HOW TO DESTROY ANGELS – Welcome oblivion
Prenez un auditeur de rock normalement constitué, aimant un peu tout, hardeux quand il faut, punk en cas d’urgence, porté sur des constructions classiques mais pas non plus fermé à l’expérimentation avant-gardiste. Mettez-lui entre les oreilles cet album d’un groupe appelé How To Destroy Angels, ne lui dites surtout pas de quoi il s’agit précisément et observez sa réaction. Après l’avoir regardé faire toutes sortes de grimaces et autres grognements face au projet totalement abscons représenté par ce groupe, révélez-lui qui se cache derrière tout cela. En découvrant les noms de Trent Reznor et Atticus Ross, le type se retrouvera immanquablement gêné d’avoir détesté lors de la première écoute.
Pourquoi ? Parce qu’un monstre sacré de l’indus comme Trent Reznor, tête pensante du mythique Nine Inch Nails, s’enfonçant dans les arcanes les plus obscurs et les plus revêches de l’électro indus avec ce projet How to Destroy Angels, cela déstabilise quand même un peu. Passé le choc de la première écoute, on se dit que si un génie comme Trent Reznor a commis cette espèce d’OVNI, c’est qu’il doit y avoir derrière quelque chose de bien plus vaste et de plus pertinent.

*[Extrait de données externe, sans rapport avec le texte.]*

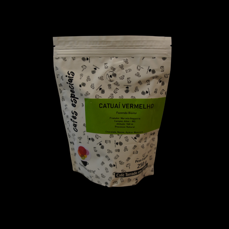 Café Especial Catuai Vermelho - Fazenda Bioma Local: Campos Altos, MG Altitude: 1160m Processo: Natural Notas: Chocolate, Nozes e Açúcar Mascavo

D’abord, Trent Reznor a réalisé ce « Welcome oblivion » en compagnie de son désormais nouveau complice Atticus Ross, musicien anglais électronicien ayant forgé sa réputation dans les domaines post-indus, dark ambient et écriture de musiques de film. C’est avec Trent Reznor qu’Atticus Ross écrit la BO du film « The girl with the dragon tattoo« (2011), remake d’un premier film suédois basé sur le premier tome de la trilogie Millenium de Stieg Larsson. Avec cette œuvre, on était déjà très loin dans l’expérimentation électro-indus mais « Welcome oblivion » est d’une approche encore plus ardue.
Autres complices dans cette affaire, la propre épouse de Trent Reznor, ainsi que son directeur artistique attitré. Mariqueen Maandig a été chanteuse du groupe West Indian Girl de 2004 à 2009, année où elle épouse Trent Reznor. C’est avec ce dernier qu’elle fonde How To Destroy Angels en 2010. Bob Sheridan est le designer et directeur artistique de Trent Reznor, avec qui il travaille depuis les années 2000. Il a également réalisé deux clips de How To Destroy Angels, « Keep it together » et « The loop closes ».
Les associations entre vieux amis ou collaborateurs ont parfois comme défaut d’ôter à leurs protagonistes tout jugement sur la pertinence des œuvres qu’ils commettent ensemble. Il n’y a pas de regard neuf d’un membre un peu plus étranger qui vient signaler les défauts potentiels de la musique créée et remettre sur terre les pieds de ceux qui se calfeutrent un peu trop facilement derrière des conceptions qui ne seront pas forcément très faciles à transmettre au plus grand nombre. C’est un peu ce qui arrive ici avec ce « Welcome oblivion » qui s’avère être très indulgent envers lui-même.
Les débuts de l’album, pour surprenants qu’ils soient, finissent par convaincre relativement à force d’écoutes successives. Mais passé le premier tiers des morceaux, on sombre dans une routine répétitive, très nonchalante et aseptisée par la voix diaphane et éthérée de Mariqueen Maandig. Au fur et à mesure, il devient presque impossible de distinguer les morceaux entre eux, tant on a l’impression que tout se vaut, que tout est lissé et qu’aucun relief ne vient plus servir de repère au milieu de cet ensemble uniforme et feutré. Non contents de s’éterniser dans des morceaux longs (les sept minutes sont frôlées à de nombreuses reprises), Trent Reznor et son équipe multiplient les titres et nous imposent plus d’une heure d’électro rêveur et poussif, une véritable éternité.
J’ai beau prendre cet album par tous les côtés, je ne vois pas où Trent Reznor veut en venir avec « Welcome oblivion ». Serait-il déjà beaucoup trop loin pour nos petits goûts d’auditeurs lambda ? Il y a peut-être un truc qu’on n’aurait pas compris ? Ce qui est certain, c’est qu’un dégraissage de près de la moitié de l’album n’aurait pas été de trop. En se passant des titres constituant le milieu de l’album, Trent Reznor et Atticus Ross auraient pu obtenir une œuvre plus ramassée, plus cohérente, débarrassée de ses longueurs. Tout n’est pas à jeter dans ce disque, bien évidemment, mais il y a parfois des moments où on regarde sa montre et ça, c’est inquiétant.